A) Evet, bulimia otoriter ebeveynlik tarzı ile ilgilidir. Bu ebeveynler, aşırı kurallar, çok katı ve katı talepler dayatma ve uymama durumunda cezaya başvurma eğilimindedir. Ayrıca, zayıf iletişim ve çok az duygusal ifade gösterirler. Aşırı kontrol ve ebeveyn empati eksikliği, bozukluğun ortaya çıkmasına katkıda bulunabilir.

Belirtilmemiş yeme bozuklukları

Bu durumda, kayıtsız veya ihmalkar ebeveynlik tarzı hakim. Bu ebeveynler sınır koymazlar, talep etmezler; ancak serbest stilden farklı olarak, iletişim veya sevgi de sunmazlar. Rollerinden tamamen habersizler.

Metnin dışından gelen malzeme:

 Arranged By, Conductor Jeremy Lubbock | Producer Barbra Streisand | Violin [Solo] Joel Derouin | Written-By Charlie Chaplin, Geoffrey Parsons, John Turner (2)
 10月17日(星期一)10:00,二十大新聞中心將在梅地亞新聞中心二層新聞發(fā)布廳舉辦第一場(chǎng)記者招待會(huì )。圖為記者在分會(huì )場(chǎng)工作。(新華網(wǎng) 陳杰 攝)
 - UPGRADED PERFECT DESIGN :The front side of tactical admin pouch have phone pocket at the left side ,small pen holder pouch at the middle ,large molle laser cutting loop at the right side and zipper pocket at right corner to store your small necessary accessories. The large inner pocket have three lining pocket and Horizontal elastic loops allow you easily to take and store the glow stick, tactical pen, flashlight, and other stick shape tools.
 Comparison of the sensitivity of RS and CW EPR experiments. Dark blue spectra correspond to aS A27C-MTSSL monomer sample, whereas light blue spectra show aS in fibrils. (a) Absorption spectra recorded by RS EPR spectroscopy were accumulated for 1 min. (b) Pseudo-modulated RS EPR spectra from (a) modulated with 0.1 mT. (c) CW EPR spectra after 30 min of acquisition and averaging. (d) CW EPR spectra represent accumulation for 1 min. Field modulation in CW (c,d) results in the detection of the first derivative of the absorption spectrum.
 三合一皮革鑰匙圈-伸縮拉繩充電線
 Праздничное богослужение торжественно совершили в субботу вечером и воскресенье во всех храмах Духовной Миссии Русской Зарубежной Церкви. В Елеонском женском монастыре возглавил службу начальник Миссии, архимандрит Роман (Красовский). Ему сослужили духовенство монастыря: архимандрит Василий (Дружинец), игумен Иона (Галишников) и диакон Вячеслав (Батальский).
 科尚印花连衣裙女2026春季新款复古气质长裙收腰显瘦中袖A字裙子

Buna cevaben, reşit olmayanlar, tam olarak tutarsızlık ve kararlı kriterleri karşılamaması ile karakterize edilen, başka türlü belirtilmeyen yeme bozuklukları geliştirebilirler.

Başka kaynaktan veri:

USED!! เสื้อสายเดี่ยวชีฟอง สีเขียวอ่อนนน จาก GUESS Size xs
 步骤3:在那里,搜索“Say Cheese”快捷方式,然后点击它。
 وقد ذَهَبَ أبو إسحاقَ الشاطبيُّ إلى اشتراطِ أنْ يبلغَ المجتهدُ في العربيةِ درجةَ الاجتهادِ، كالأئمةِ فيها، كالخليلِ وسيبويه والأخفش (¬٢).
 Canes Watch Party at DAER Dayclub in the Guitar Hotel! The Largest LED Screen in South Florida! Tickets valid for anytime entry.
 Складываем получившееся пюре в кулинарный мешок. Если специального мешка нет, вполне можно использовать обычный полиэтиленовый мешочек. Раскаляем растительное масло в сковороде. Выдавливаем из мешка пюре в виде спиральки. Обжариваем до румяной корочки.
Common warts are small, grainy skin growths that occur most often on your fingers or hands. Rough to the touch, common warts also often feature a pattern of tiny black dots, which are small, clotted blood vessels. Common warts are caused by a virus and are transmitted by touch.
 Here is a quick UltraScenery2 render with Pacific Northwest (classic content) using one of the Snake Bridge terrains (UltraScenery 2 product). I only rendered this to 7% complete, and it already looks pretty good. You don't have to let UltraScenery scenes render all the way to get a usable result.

ilgili diğer ilginç bulgular

Diğer araştırmalar, ebeveynlik stilleri ve yeme bozuklukları arasındaki ilişkide daha spesifik faktörleri analiz etti. Böylece aşağıdaki gibi ilginç bulgular elde edilmiştir:

  • Reddedilme ve soğukluk ile karakterize edilen anne bakımı modeli, yeme bozukluklarının ortaya çıkmasıyla yakından ilişkilidir. Özellikle anoreksiyada, annenin kızının ihtiyaçlarına erken yaşlardan itibaren yanıt vermediği bulunmuştur.
  • Babanın desteği, şefkati ve olumlu değerlendirmesi de temel bir rol oynamaktadır. Bu şekilde, yokluğu, bozukluğun gelişimine önemli ölçüde katkıda bulunabilir. Hastaların çoğu, ebeveynleri tarafından sevilmediklerini; beden imajına ve yeme alışkanlıklarına karşı tutumunu önemli ölçüde etkileyecek bir şey.
  • Aşırı koruma, büyük risk faktörlerinden bir diğeridir.. Ebeveynler çocuğu çocuklaştırdıklarında, özerkliklerini engellediklerinde ve müdahaleci olduklarında, olumsuz bir etki yaratıyorlar.
  • Annenin duygusal sıcaklığı, kilo konusunda daha az endişe ile ilişkilidir.

Anne baba kızıyla konuşuyor

Demokratik ebeveynlik tarzı: önlemenin anahtarı

Araştırmalarda elde edilen sonuçlar ışığında demokratik tarzın en uygun olduğu sonucuna varılabilir. Doğu yüksek düzeyde sevgi ve iletişim gösterir, ancak aynı zamanda sınırlar ve kurallar belirler açık, tutarlı ve tutarlı. Bireysel gelişim ve özerkliğe izin verir ve bunu teşvik eder ve destek ve anlayış sunar.

Ebeveynliğe uygulanan bu özellikler, küçük değerli başa çıkma kaynakları sunacakları için yeme bozukluklarının gelişimine karşı koruma görevi görecektir.

Yukarıda belirtilenlerin dikkate alınması gerekli olmakla birlikte, unutulmamalıdır ki, ebeveynlerin eylemleri, bozukluğun gelişiminin doğrudan bir nedeni değildir. Bunlar, sosyal, kültürel, biyolojik, kişisel ve çeşitli yönlerin etkilediği çok nedenli patolojilerdir. Bununla birlikte, ebeveynlik tarzının önemli bir hazırlayıcı faktör olduğu gösterilmiştir.

Ebeveynlik stilleri ve yeme bozuklukları: nasıl ilişkilidir? ilk olarak 1 İpucun’da yayınlandı.

Sitemizde yayınlanan haberlerin telif hakları gazete ve haber kaynaklarına aittir. Kopyalanması yasaktır.